Execute a Simple Query in Python

In this example, we are showing the basic usage of the Python API by executing a simple query that makes no references to any datasets.

# Import the Opteryx SQL query engine library.
import opteryx

# Execute a SQL query to evaluate the expression 4 * 7.
# The result is stored in the 'result' variable.
result = opteryx.query("SELECT 4 * 7;")

# Display the first row(s) of the result to verify the query executed correctly.
result.head()

ID	4 * 7
1	28

this example is complete and should run as-is

Execute SQL on a pandas DataFrame

In this example, we are running a SQL statement on a pandas DataFrame and returning the result as a new pandas DataFrame.

# Required imports
import opteryx
import pandas

# Read data from the exoplanets.csv file hosted on Google Cloud Storage
# The resulting DataFrame is stored in the variable `pandas_df`.
pandas_df = pandas.read_csv("https://storage.googleapis.com/opteryx/exoplanets/exoplanets.csv")

# Register the pandas DataFrame with Opteryx under the alias "exoplanets"
# This makes the DataFrame available for SQL-like queries.
opteryx.register_df("exoplanets", pandas_df)

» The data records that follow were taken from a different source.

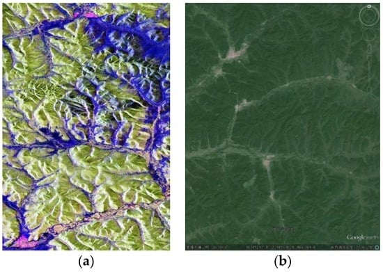 Test data sets in Genhe, the Great Xing’an Mountain area, China: (a) ALOS PALSAR data; and (b) optical data.
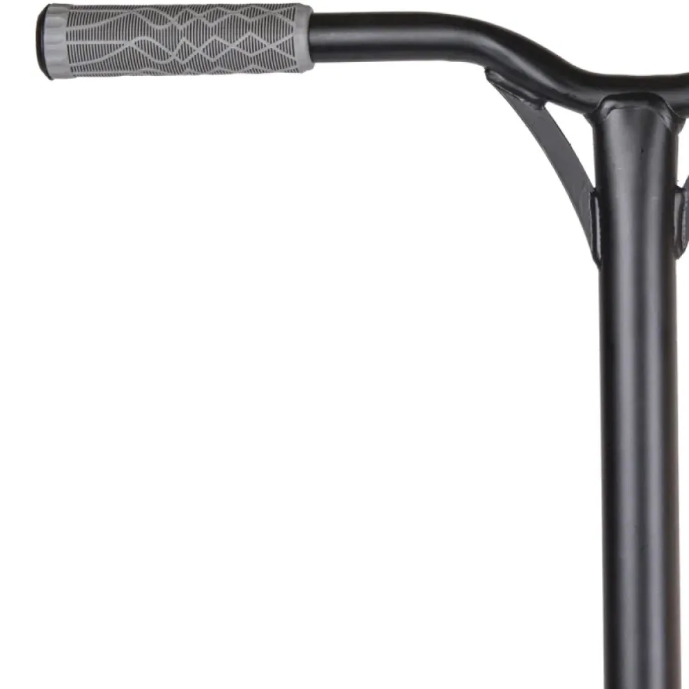 Рулевая стальная часть «Y»-образной формы по высоте от зажима составляет 57 см, от поверхности – 79,5 см. Ширина и длина – 54см*34,9см соответственно. Самокат оснащен прорезиненными грипсами и фирменными барендами, которые исключают травмирование, обеспечивают крепкую фиксацию рук. Трюкачи утверждают, форма грипс удобная, не провоцирует запотевания и случайного соскальзывания рук.
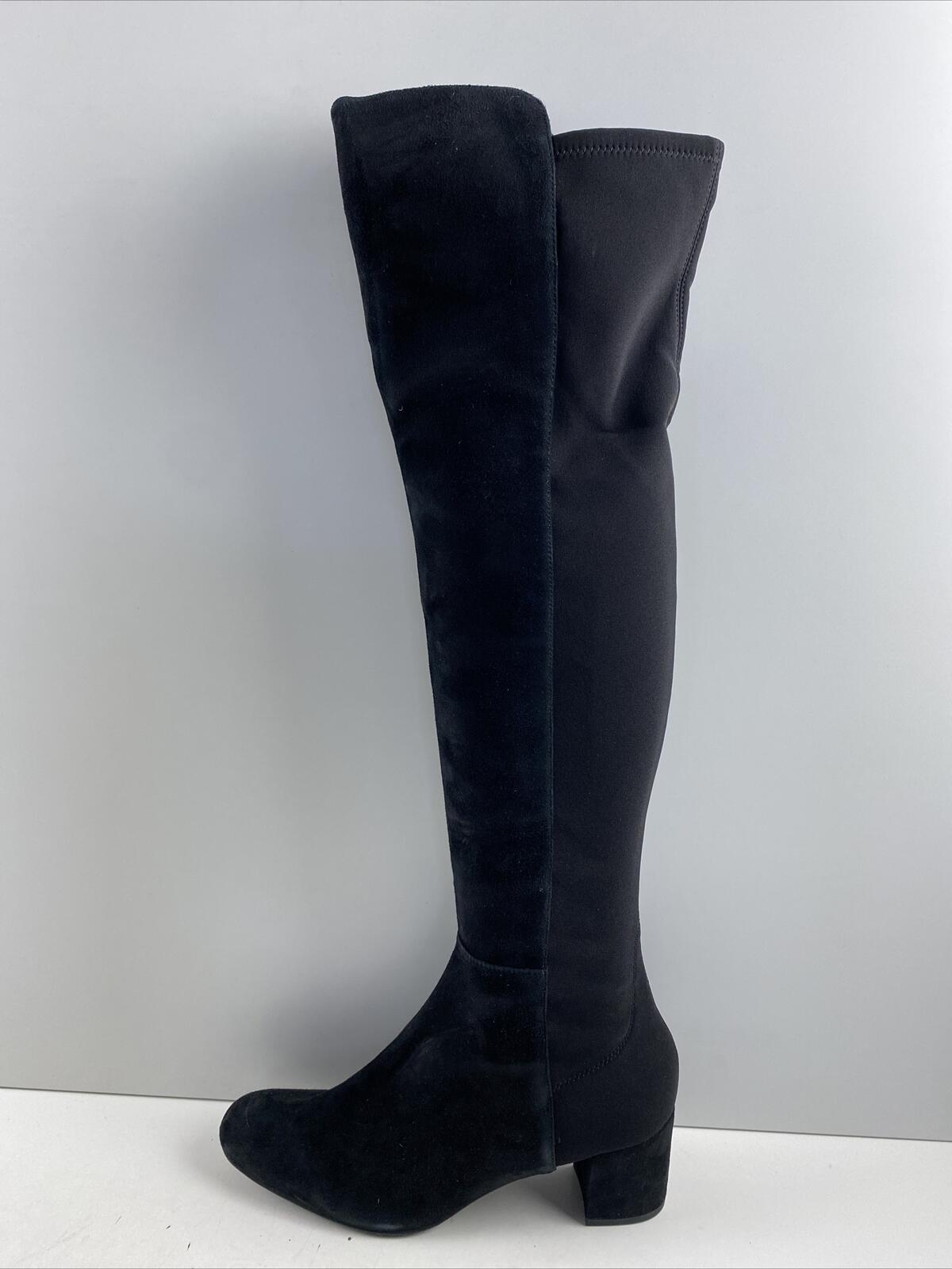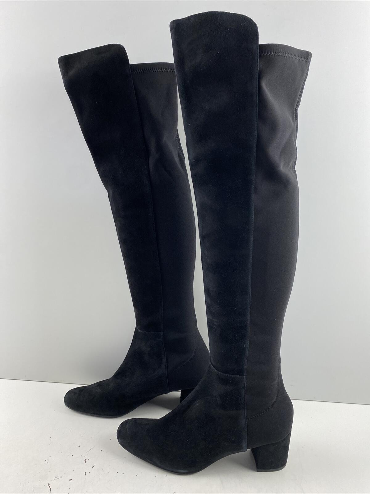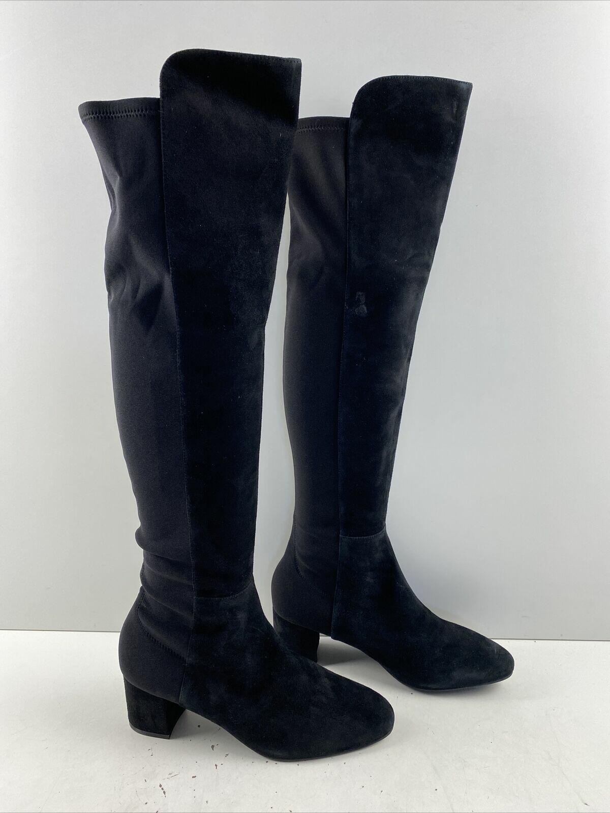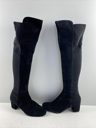 Stuart Weitzman Black Suede/Fabric Pull On Block Heel Knee High Boots Womens 8.5 - Very Good

# Perform an SQL query to group the data by `koi_disposition` and count the number
# of occurrences of each distinct `koi_disposition`.
# The result is stored in `aggregated_df`.
aggregated_df = opteryx.query("SELECT koi_disposition, COUNT(*) FROM exoplanets GROUP BY koi_disposition;").pandas()

# Display the aggregated DataFrame to get a preview of the result.
aggregated_df.head()

  koi_disposition  COUNT(*)
0       CONFIRMED      2293
1  FALSE POSITIVE      5023
2       CANDIDATE      2248

this example is complete and should run as-is

Query Data on Local Disk

In this example, we are querying and filtering a file directly. This example will not run as written because the file being queried does not exist.

# Import the Opteryx query engine.
import opteryx

# Execute a SQL query to select the first 5 rows from the 'space_missions.parquet' table.
# The result will be stored in the 'result' variable.
result = opteryx.query("SELECT * FROM 'space_missions.parquet' LIMIT 5;")

# Display the result.
# This is useful for quick inspection of the data.
result.head()

ID	Company	Location	Price	Launched_at	Rocket	Rocket_Status	Mission	Mission_Status
0	RVSN USSR	Site 1/5, Baikonur Cosmodrome,	null	1957-10-04 19:28:00	Sputnik 8K71PS	Retired	Sputnik-1	Success
1	RVSN USSR	Site 1/5, Baikonur Cosmodrome,	null	1957-11-03 02:30:00	Sputnik 8K71PS	Retired	Sputnik-2	Success
2	US Navy	LC-18A, Cape Canaveral AFS, Fl	null	1957-12-06 16:44:00	Vanguard	Retired	Vanguard TV3	Failure
3	AMBA	LC-26A, Cape Canaveral AFS, Fl	null	1958-02-01 03:48:00	Juno I	Retired	Explorer 1	Success
4	US Navy	LC-18A, Cape Canaveral AFS, Fl	null	1958-02-05 07:33:00	Vanguard	Retired	Vanguard TV3BU	Failure

this example requires a data file, space_missions.parquet.

Query Data in SQLite

In this example, we are querying a SQLite database via Opteryx. This example will not run as written because the file being queried does not exist.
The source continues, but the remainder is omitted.